***** RECORDS TO USE *****
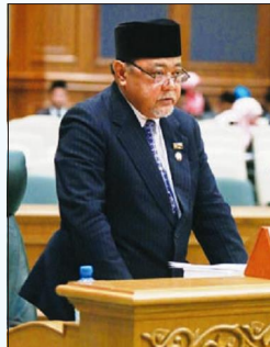
YANG Berhormat Awang Haji Sulaiman bin Haji Ahad.

Begitu juga halnya, tambah Yang Berhormat, dengan keperluan-keperluan dalam membangunkan kemajuan pertanian luar bandar dan seterusnya menggalakkan
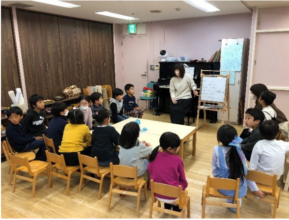
空き瓶でスノードーム作り。
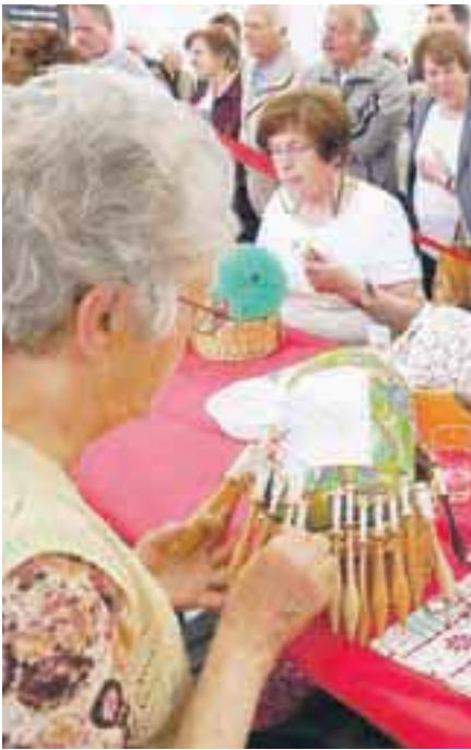
Klekljarice v Žireh
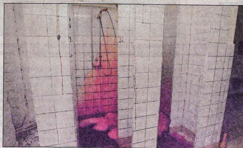
Die Installation „Blutige Duschen“ von Max Kowalewski im Sozialgebäude des Schlachthofes führt die Arbeitssituation sehr drastisch vor Augen.
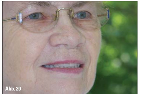
Abb. 9: Die Mundsituation mit in den Implantaten integrierten Gingivaformen. – Abb. 10: Der Implantat-Check im Mund. – Abb. 11: Ausgangssituation nach Extraktion des letzten Pfeilerzahns. – Abb. 12: Die gleiche Situation mit transparentem Kunststoff. – Abb. 13: Die ISUS by Compartis-Hybridbrücke im Anlieferungszustand. – Abb. 14: Zur Durchführung des Sheffield-Tests wurde die Brückenstruktur mit den Laboranalogen gefügt (orale Ansicht). – Abb. 15: Gut zu erkennen: der Formschluss durch die konischen Interfaces (vestibuläre Ansicht). – Abb. 16: Passungsprüfung der Implantatsuprastruktur im Mund. – Abb. 17: Die Suprastruktur auf dem Modell. – Abb. 18: Die inkorporierten Prothesen: Die bedingt herausnehmbare Unterkieferprothese ist durch die Führungskanäle für die Interdentalbürste gut zu reinigen. – Abb. 19: Ober- und Unterkieferprothesen in ursprünglicher Bisslage. – Abb. 20: Die zufriedene Patientin

Prothese so optimal wie möglich zu gestalten. Mit einem Komposit für die Individualisierung (Gradia Gum, GC, Bad Homburg) gestalteten wir die Umgebung des marginalen Zahnfleisches in einem hellen, nach basal mit einem kräftigeren Rot. Durch die Lichtbrechung im Kunststoff erhielt die Prothese ein natürliches Aussehen (Abb. 19).
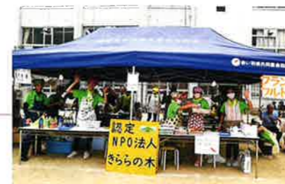
三碓夏祭り 会場:奈良市立富雄中学校 令和6年8月3日
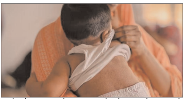
मामले और 8,494 प्रयोगशाला-पुष्टि मामले दर्ज किए गए हैं। स्वास्थ्य विशेषज्ञों ने चेतावनी दी है कि इस बीमारी का सबसे ज्यादा खतरा 5 साल से कम उम्र के बच्चों को है। विशेष रूप से वे बच्चे जिन्होंने अभी तक टीका नहीं लगवाया है या जिनका टीकाकरण अधूरा है, वे मौत के मुंह में समा रहे हैं। विश्व स्वास्थ्य संगठन ने पिछले महीने ही आगाह किया था कि नियमित टीकाकरण

ढाका, 23 मई। पड़ोसी देश बांग्लादेश इस समय खसरे के भयानक प्रकोप की चपेट में है। स्वास्थ्य अधिकारियों द्वारा शनिवार को जारी आंकड़ों के अनुसार, इस जानलेवा बीमारी ने देश में अब तक 500 से ज्यादा बच्चों की जान ले ली है। यह पिछले कई दशकों में बांग्लादेश में खसरे का सबसे भीषण प्रकोप माना जा रहा है। रिपोर्ट के मुताबिक, खसरे के मामले पिछले कुछ महीनों में इतनी तेजी से फैले हैं कि वहां के अस्पतालों में अब जगह कम पड़ने लगी है। खासकर ग्रामीण इलाकों और घनी आबादी वाली कम आय वाली बस्तियों में स्वास्थ्य सेवाएं इस बोज़ के तले पूरी तरह चरमरा गई हैं। स्वास्थ्य निदेशालय के आंकड़ों के अनुसार, 15 मार्च से 23 मई के बीच देशभर में 62,507 संदिग्ध
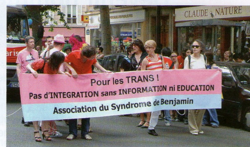
Manifestation de transsexuels à Paris

Les transsexuels sont des personnes qui estiment que leur identité sexuelle ne correspond pas à leur genre biologique. On parle de transsexuel masculin pour un homme qui se sent femme et de transsexuel féminin pour une femme qui
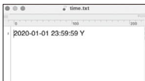
※お使いのパソコン、ソフトにより表示が違います。
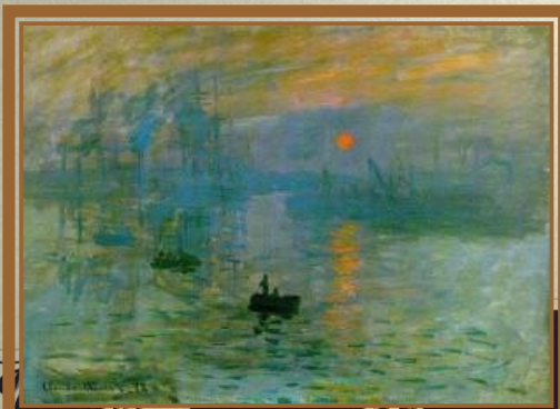
Клод Моне «Впечатление, восход солнца»

Звёзды меркнут и гаснут. В огне облака. Белый пар по лугам расстилается. По зеркальной воде, по кудрям лозняка От зари алый свет разливается. Дремлет чуткий камыш. Тишь - безлюдье вокруг. (Отрывок «Утро»)
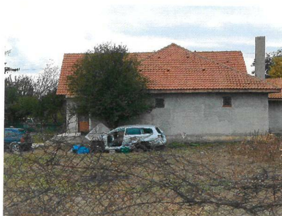
Vedere Locuinta C1 si curte- vedere din strada Verde
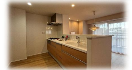
収納充実！パントリーのあるキッチン
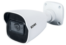
4621.2812BA - Cam. Bullet IP IR 2Mpx 2,8-12mm A.V.
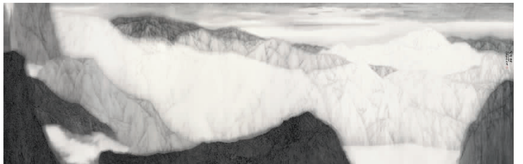
许华新国画 绝尘西去 270cmx800cm

许华新自觉以玉质感融入绘画,让山水之性与玉石之质内在地契合起来,解决了传统烟云之气与玉质之感在山水画上结合的难题,让柔软的水墨具有内在的硬度。面对西方艺术所带来的视觉冲击力,通过玉质感的融入,许华新以其“积水法”很好地完成了这个传统梦寐以求的生命质感彼此通感起来的艺术形式
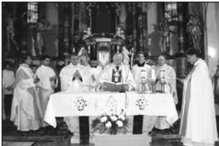
Snímka je z korunovácie sochy Sedembolestnej Panny Márie, po jej rekonštrukcii v galantskom kostole.
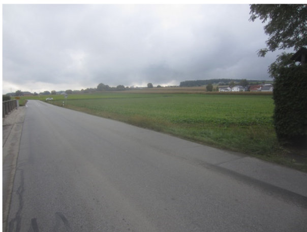
Abb. 6: Blick von Westen nach Osten auf Höhe der Wohnbebauung
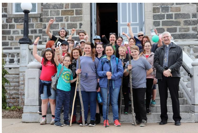
Le camp Les Aventuriers de la vie est l'un des projets soutenus par la Fondation pastorale qui permet à des jeunes de vivre des expériences fondatrices pour leur cheminement de vie et de foi.

La campagne annuelle de la Fondation pastorale vise un objectif de 200 000 $, cette année, alors que la collecte de l'an dernier a obtenu des résultats de 182 453 $, pour 2020 dons reçus. Il s'agit de 47 dons individuels de plus que l'année précédente (2017), ce
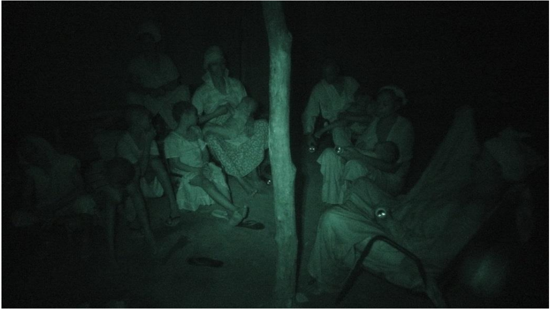
写真 1. 語りの場面
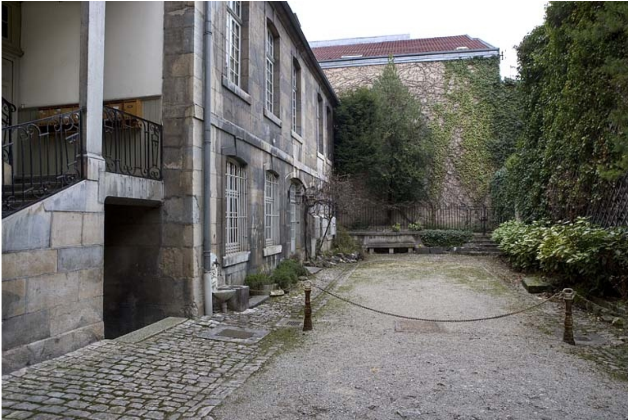
Vue d'ensemble rapprochée de l'aile gauche sur cour.

25, Besançon, 51 rue Mégevand, lieudit : îlot Granvelle
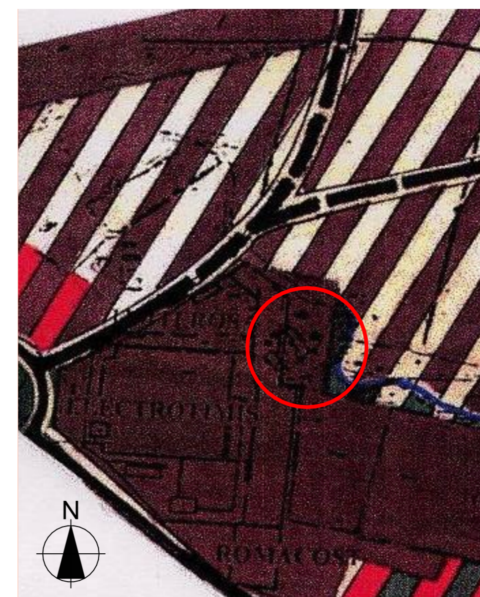
2 EXTRAS PUG ACTUAL
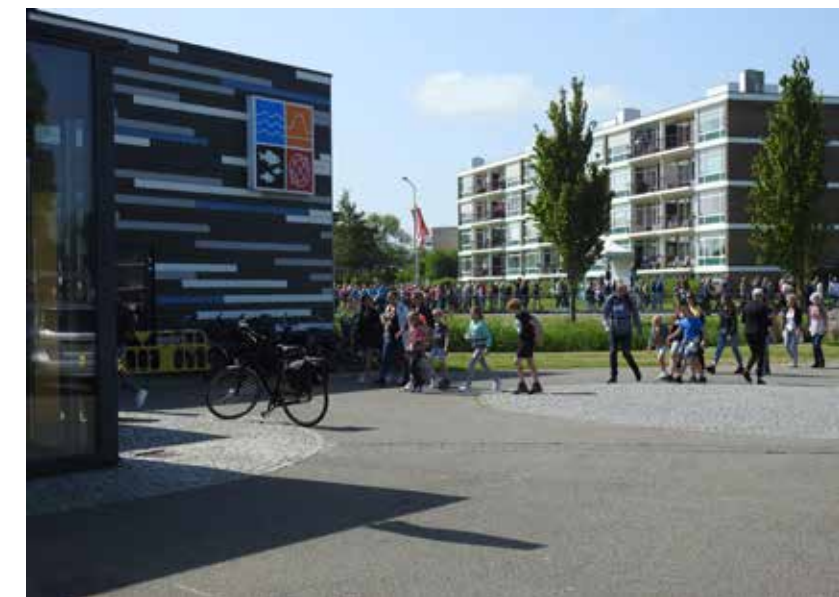
Een wedstrijdloop door Delfzijl leidt door het MuzeeAquarium.

Het MuzeeAquarium ontvangt subsidie van de gemeente Eemdelta en de provincie Groningen en wil dit ook de komende jaren graag bestendigen. Daarom presenteert het MuzeeAquarium hierbij haar meerjarenbeleidsplan, voor de periode 2025 tot en met 2028.
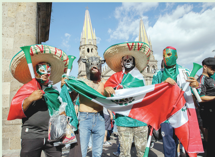
► Aficionados que no pudieron entrar al FIFA Fan Festival esperaron el partido de la selección en plaza Guadalajara y otros lugares aledaños.

"El son de la negra" resonó en el Estadio Guadalajara mientras 45 mil 522 aficionados vibraban con la anotación de Luis Romo en la cancha de Guadalajara
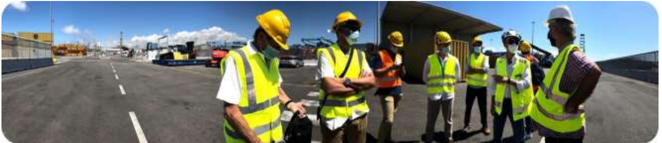
Fig.1 – Visite du port de Gênes pour évaluer les modèles ALACRES2 avec l'équipe Champion et d'autres experts opérationnels dans les ports, juin 2021

Au cours de ces réunions, des algorithmes, des modèles ont été analysés et des versions ultérieures du simulateur ont été utilisées, ainsi que les résultats expérimentaux ont été analysés. D'autres experts du monde portuaire et maritime ont également été invités à nombre de ces réunions, extérieurs à la Champion Team, mais en contact avec ses membres et présents dans le contexte où les réunions étaient organisées, ce qui a permis d'approfondir encore l'évaluation de l'équipe. Laboratoire Virtuel (fig.1 et 2). Dans certains cas, les résultats ont été générés dynamiquement ensemble au sein de l'équipe Champion et les indications des participants ont été recueillies, ce qui a mis en évidence la cohérence des modèles et l'extrême efficacité du laboratoire virtuel dans la représentation des scénarios choisis.
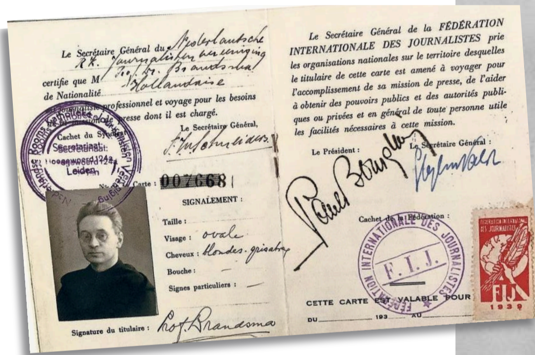
De perskaart van Titus Brandsma

Ondanks deze miserabele behandeling was Titus Brandsma voor zijn omgeving een belangrijke steunpilaar, vertelden medegevangenen later. Met opbeurende woorden wist hij lichtpuntjes te creëren in het zware kampbestaan.
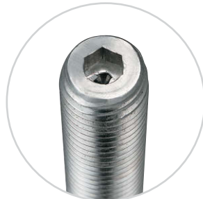
ボルト先端部が六角穴タイプもあります。
*****
*PROBLEM STATEMENT:*
Pictures are to be left out; please print the rest of the records above word for word.

*TASK OUTPUT:*
YANG Berhormat Awang Haji Sulaiman bin Haji Ahad.

Begitu juga halnya, tambah Yang Berhormat, dengan keperluan-keperluan dalam membangunkan kemajuan pertanian luar bandar dan seterusnya menggalakkan
空き瓶でスノードーム作り。
Klekljarice v Žireh
Die Installation „Blutige Duschen“ von Max Kowalewski im Sozialgebäude des Schlachthofes führt die Arbeitssituation sehr drastisch vor Augen.
Abb. 9: Die Mundsituation mit in den Implantaten integrierten Gingivaformen. – Abb. 10: Der Implantat-Check im Mund. – Abb. 11: Ausgangssituation nach Extraktion des letzten Pfeilerzahns. – Abb. 12: Die gleiche Situation mit transparentem Kunststoff. – Abb. 13: Die ISUS by Compartis-Hybridbrücke im Anlieferungszustand. – Abb. 14: Zur Durchführung des Sheffield-Tests wurde die Brückenstruktur mit den Laboranalogen gefügt (orale Ansicht). – Abb. 15: Gut zu erkennen: der Formschluss durch die konischen Interfaces (vestibuläre Ansicht). – Abb. 16: Passungsprüfung der Implantatsuprastruktur im Mund. – Abb. 17: Die Suprastruktur auf dem Modell. – Abb. 18: Die inkorporierten Prothesen: Die bedingt herausnehmbare Unterkieferprothese ist durch die Führungskanäle für die Interdentalbürste gut zu reinigen. – Abb. 19: Ober- und Unterkieferprothesen in ursprünglicher Bisslage. – Abb. 20: Die zufriedene Patientin

Prothese so optimal wie möglich zu gestalten. Mit einem Komposit für die Individualisierung (Gradia Gum, GC, Bad Homburg) gestalteten wir die Umgebung des marginalen Zahnfleisches in einem hellen, nach basal mit einem kräftigeren Rot. Durch die Lichtbrechung im Kunststoff erhielt die Prothese ein natürliches Aussehen (Abb. 19).
三碓夏祭り 会場:奈良市立富雄中学校 令和6年8月3日
मामले और 8,494 प्रयोगशाला-पुष्टि मामले दर्ज किए गए हैं। स्वास्थ्य विशेषज्ञों ने चेतावनी दी है कि इस बीमारी का सबसे ज्यादा खतरा 5 साल से कम उम्र के बच्चों को है। विशेष रूप से वे बच्चे जिन्होंने अभी तक टीका नहीं लगवाया है या जिनका टीकाकरण अधूरा है, वे मौत के मुंह में समा रहे हैं। विश्व स्वास्थ्य संगठन ने पिछले महीने ही आगाह किया था कि नियमित टीकाकरण

ढाका, 23 मई। पड़ोसी देश बांग्लादेश इस समय खसरे के भयानक प्रकोप की चपेट में है। स्वास्थ्य अधिकारियों द्वारा शनिवार को जारी आंकड़ों के अनुसार, इस जानलेवा बीमारी ने देश में अब तक 500 से ज्यादा बच्चों की जान ले ली है। यह पिछले कई दशकों में बांग्लादेश में खसरे का सबसे भीषण प्रकोप माना जा रहा है। रिपोर्ट के मुताबिक, खसरे के मामले पिछले कुछ महीनों में इतनी तेजी से फैले हैं कि वहां के अस्पतालों में अब जगह कम पड़ने लगी है। खासकर ग्रामीण इलाकों और घनी आबादी वाली कम आय वाली बस्तियों में स्वास्थ्य सेवाएं इस बोज़ के तले पूरी तरह चरमरा गई हैं। स्वास्थ्य निदेशालय के आंकड़ों के अनुसार, 15 मार्च से 23 मई के बीच देशभर में 62,507 संदिग्ध
Manifestation de transsexuels à Paris

Les transsexuels sont des personnes qui estiment que leur identité sexuelle ne correspond pas à leur genre biologique. On parle de transsexuel masculin pour un homme qui se sent femme et de transsexuel féminin pour une femme qui
※お使いのパソコン、ソフトにより表示が違います。
Клод Моне «Впечатление, восход солнца»

Звёзды меркнут и гаснут. В огне облака. Белый пар по лугам расстилается. По зеркальной воде, по кудрям лозняка От зари алый свет разливается. Дремлет чуткий камыш. Тишь - безлюдье вокруг. (Отрывок «Утро»)
Vedere Locuinta C1 si curte- vedere din strada Verde
収納充実！パントリーのあるキッチン
4621.2812BA - Cam. Bullet IP IR 2Mpx 2,8-12mm A.V.
许华新国画 绝尘西去 270cmx800cm

许华新自觉以玉质感融入绘画,让山水之性与玉石之质内在地契合起来,解决了传统烟云之气与玉质之感在山水画上结合的难题,让柔软的水墨具有内在的硬度。面对西方艺术所带来的视觉冲击力,通过玉质感的融入,许华新以其“积水法”很好地完成了这个传统梦寐以求的生命质感彼此通感起来的艺术形式
Snímka je z korunovácie sochy Sedembolestnej Panny Márie, po jej rekonštrukcii v galantskom kostole.
Abb. 6: Blick von Westen nach Osten auf Höhe der Wohnbebauung
Le camp Les Aventuriers de la vie est l'un des projets soutenus par la Fondation pastorale qui permet à des jeunes de vivre des expériences fondatrices pour leur cheminement de vie et de foi.

La campagne annuelle de la Fondation pastorale vise un objectif de 200 000 $, cette année, alors que la collecte de l'an dernier a obtenu des résultats de 182 453 $, pour 2020 dons reçus. Il s'agit de 47 dons individuels de plus que l'année précédente (2017), ce
写真 1. 語りの場面
Vue d'ensemble rapprochée de l'aile gauche sur cour.

25, Besançon, 51 rue Mégevand, lieudit : îlot Granvelle
2 EXTRAS PUG ACTUAL
Een wedstrijdloop door Delfzijl leidt door het MuzeeAquarium.

Het MuzeeAquarium ontvangt subsidie van de gemeente Eemdelta en de provincie Groningen en wil dit ook de komende jaren graag bestendigen. Daarom presenteert het MuzeeAquarium hierbij haar meerjarenbeleidsplan, voor de periode 2025 tot en met 2028.
► Aficionados que no pudieron entrar al FIFA Fan Festival esperaron el partido de la selección en plaza Guadalajara y otros lugares aledaños.

"El son de la negra" resonó en el Estadio Guadalajara mientras 45 mil 522 aficionados vibraban con la anotación de Luis Romo en la cancha de Guadalajara
Fig.1 – Visite du port de Gênes pour évaluer les modèles ALACRES2 avec l'équipe Champion et d'autres experts opérationnels dans les ports, juin 2021

Au cours de ces réunions, des algorithmes, des modèles ont été analysés et des versions ultérieures du simulateur ont été utilisées, ainsi que les résultats expérimentaux ont été analysés. D'autres experts du monde portuaire et maritime ont également été invités à nombre de ces réunions, extérieurs à la Champion Team, mais en contact avec ses membres et présents dans le contexte où les réunions étaient organisées, ce qui a permis d'approfondir encore l'évaluation de l'équipe. Laboratoire Virtuel (fig.1 et 2). Dans certains cas, les résultats ont été générés dynamiquement ensemble au sein de l'équipe Champion et les indications des participants ont été recueillies, ce qui a mis en évidence la cohérence des modèles et l'extrême efficacité du laboratoire virtuel dans la représentation des scénarios choisis.
De perskaart van Titus Brandsma

Ondanks deze miserabele behandeling was Titus Brandsma voor zijn omgeving een belangrijke steunpilaar, vertelden medegevangenen later. Met opbeurende woorden wist hij lichtpuntjes te creëren in het zware kampbestaan.
ボルト先端部が六角穴タイプもあります。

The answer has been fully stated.